Chug chug chug: Canadian seeks women’s world record in the beer mile

Next month, professional Candian triathlete Kirsty Smith, along with competitors such as U.S. Olympian Nick Symmonds, will race for boozy bragging rights at the world beer mile championships in Austin, Texas. Smith will take aim at the women’s world record of six minutes 28.6 seconds, set by Chris Kimbrough — a 44-year-old mother of six — earlier this month. Smith plans to run a couple practice beer miles in advance. She’ll bring along a friend to record it on video, lest she breaks the world record in practice.

I’ve been practising chugging beers, as ridiculous as it sounds. My guy friends like it, they think it’s hilarious. They’re like ‘We’ll race you chugging beer.’ Even my mom’s boyfriend wants to race me in drinking.

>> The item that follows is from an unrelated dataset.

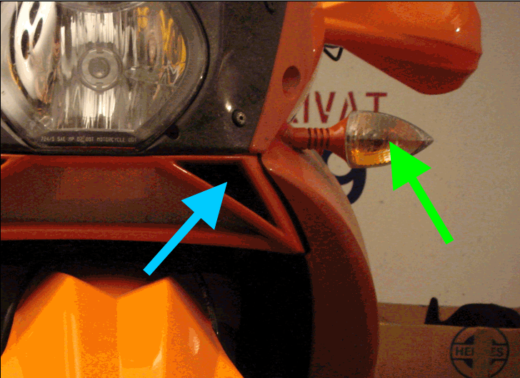 Die Idee war, den vorderen Blinker an der Serieneinbauposition (grüner Pfeil) zu ersetzen, durch irgendeinen Zubehörblinker, der hoffentlich mehr oder weniger in die Verkleidung unter dem Scheinwerfer passt (blauer Pfeil).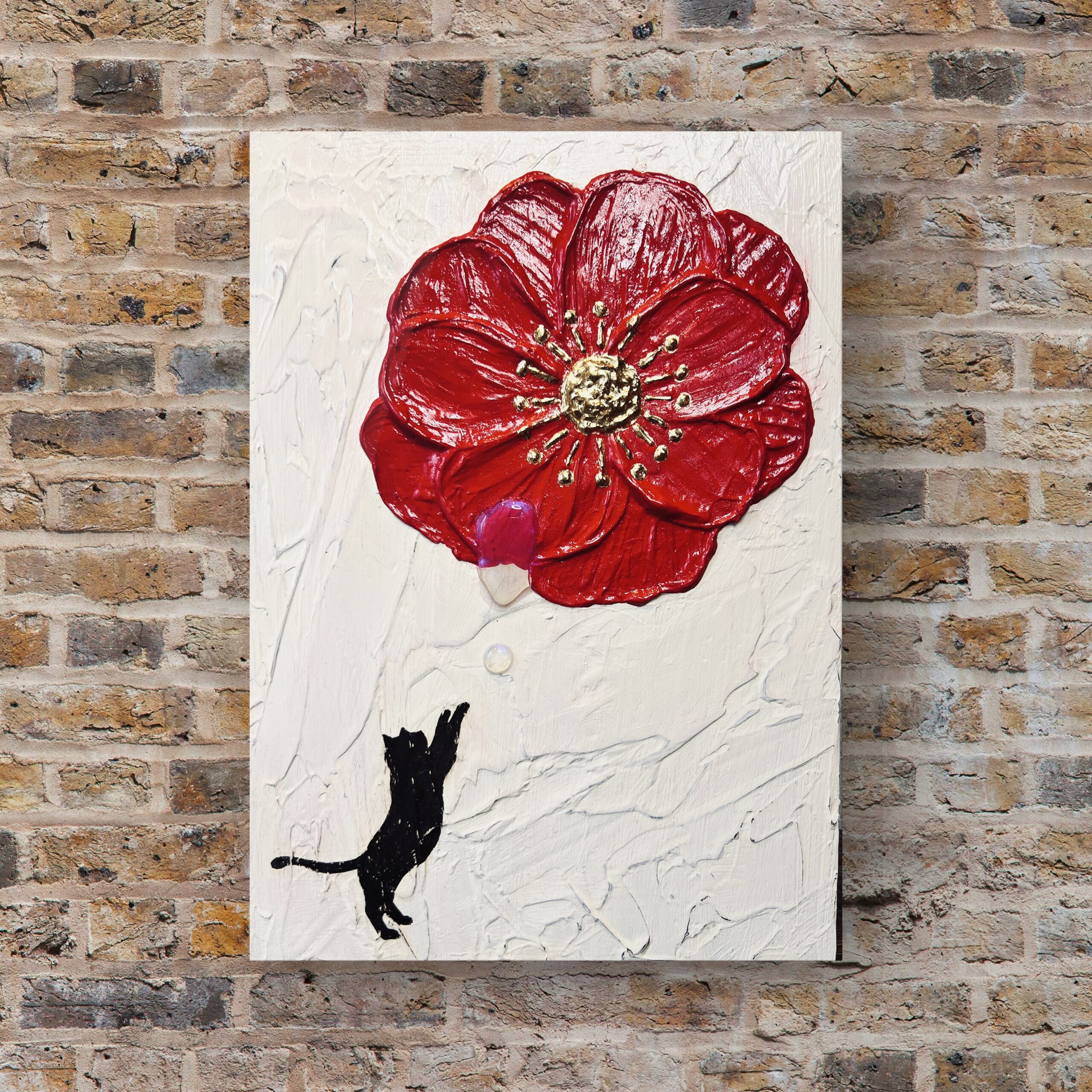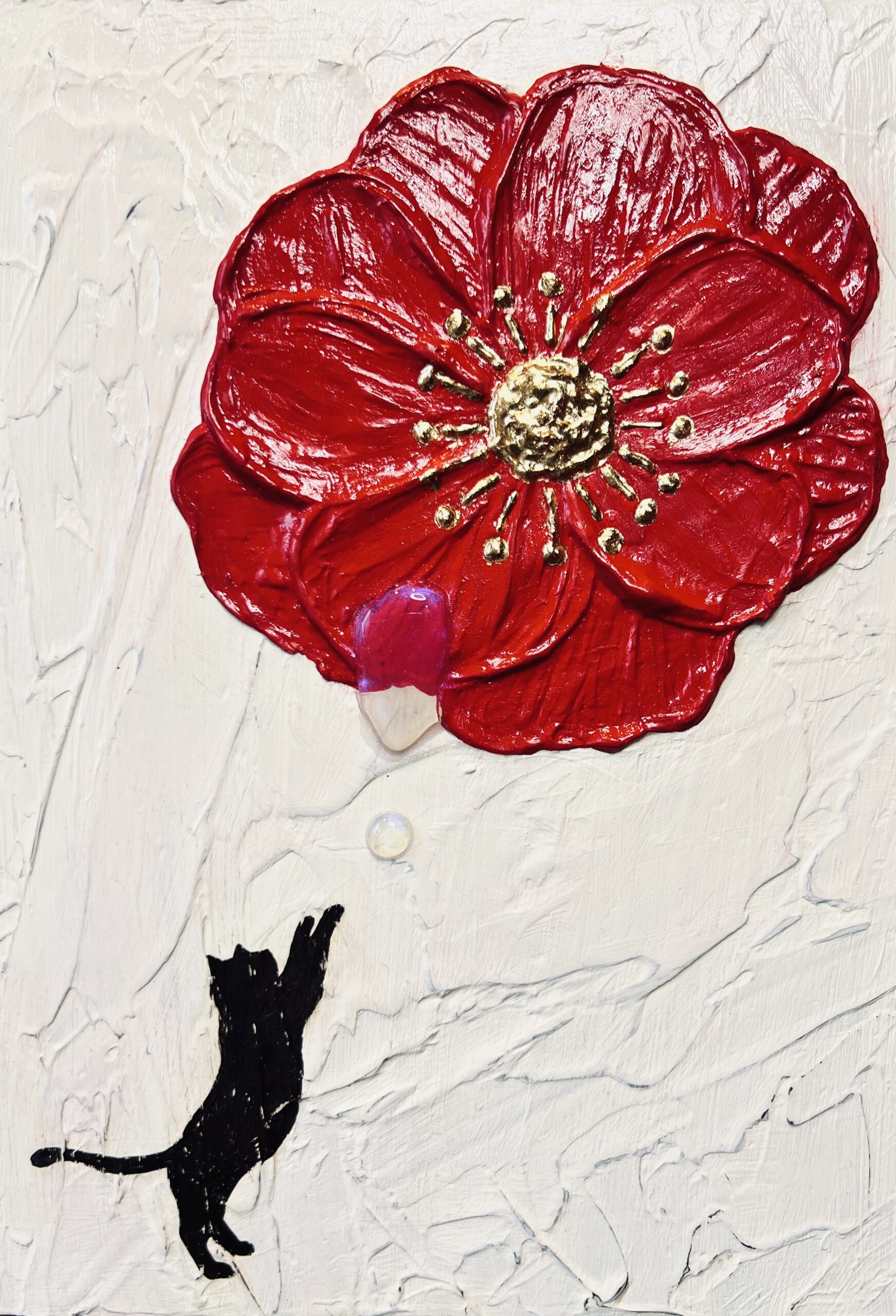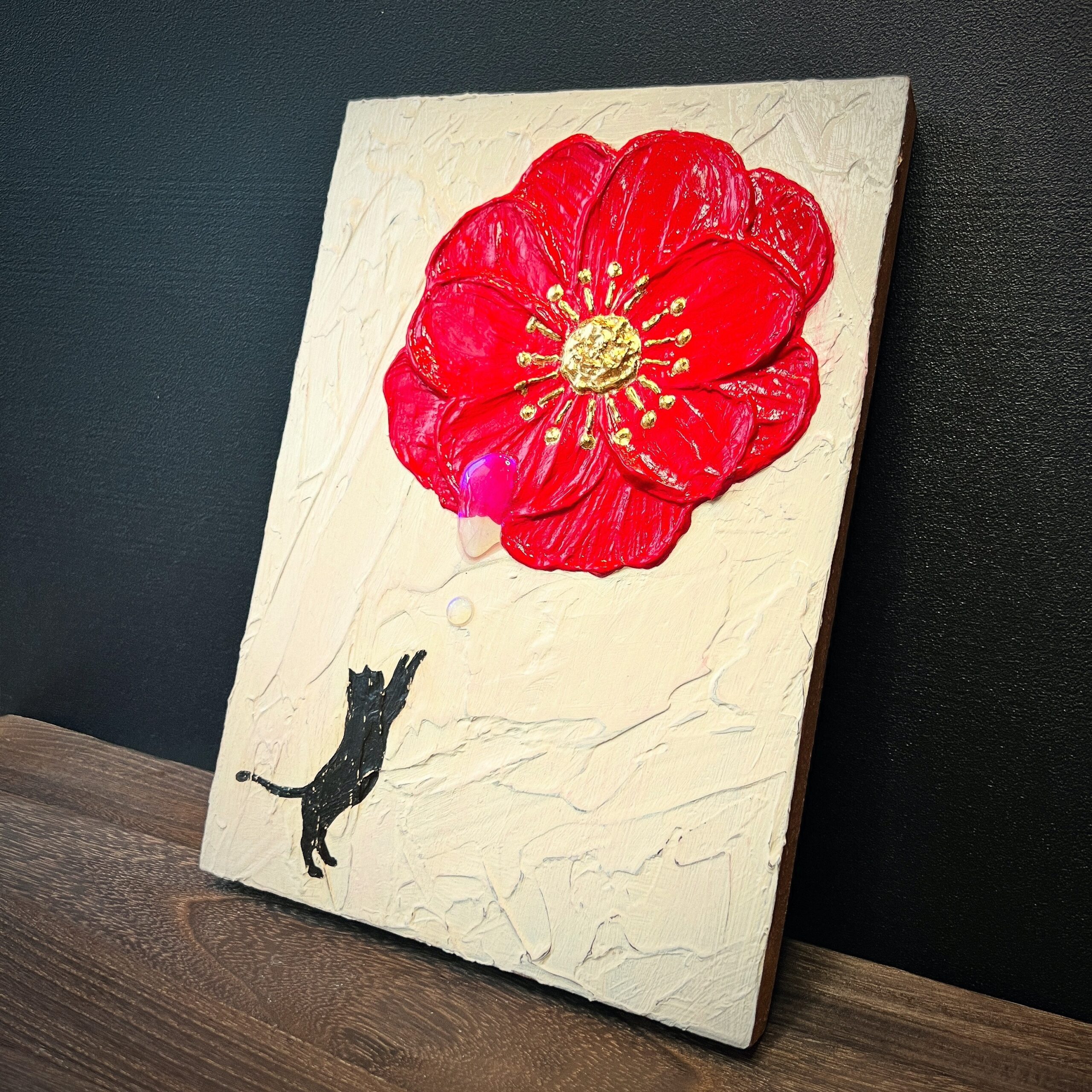 ひとつの物語を閉じ込めたような、温かさと不思議が同居する絵画作品に仕上がりました。 艶やかで凹凸のある赤い花は、まるで生命そのものを宿したようなリアルさ。 その下で小さな猫が見上げる姿には、花への憧れと少しの切なさがにじみ出ています。 猫と背景の白はマットな質感で描かれ、どこか懐かしさを感じさせるヴィンテージ感が漂います。 そして、この物語をさらに彩るのが、花からこぼれ落ちる水滴を模したレジン。 偏光パールが使われており、見る角度によって表情を変えるその輝きは、まるで猫の叶わぬ恋心を映し出しているかのようです。 小ぶりなサイズで、お部屋のどんな場所にもそっと寄り添うこの作品。 眺めるたびに、猫の気持ちや花の香りを想像し、小さな物語を思い浮かべたくなるような一枚です。

Kirsty Smith, a world beer mile championship contender

The beer mile was born, so the story goes, back in the late 1980s, when a group of Canadian distance runners were enjoying a post-workout beer. “We thought it would be a great idea to combine running and beer drinking,” says Ian Fallas, one of the runners present on that historic night. In the beer mile, competitors consume four cans of beer (no less than 355 millilitres and a minimum of five per cent alcohol) over the course of a mile. Run on a 400-metre track, competitors drink one can prior to each lap. Runners who vomit before finishing must run a penalty lap.

You’re pretty drunk really quickly. It doesn’t hit you until a few minutes after, but you just had four beers in like six minutes, and for me, that’s a lot of alcohol.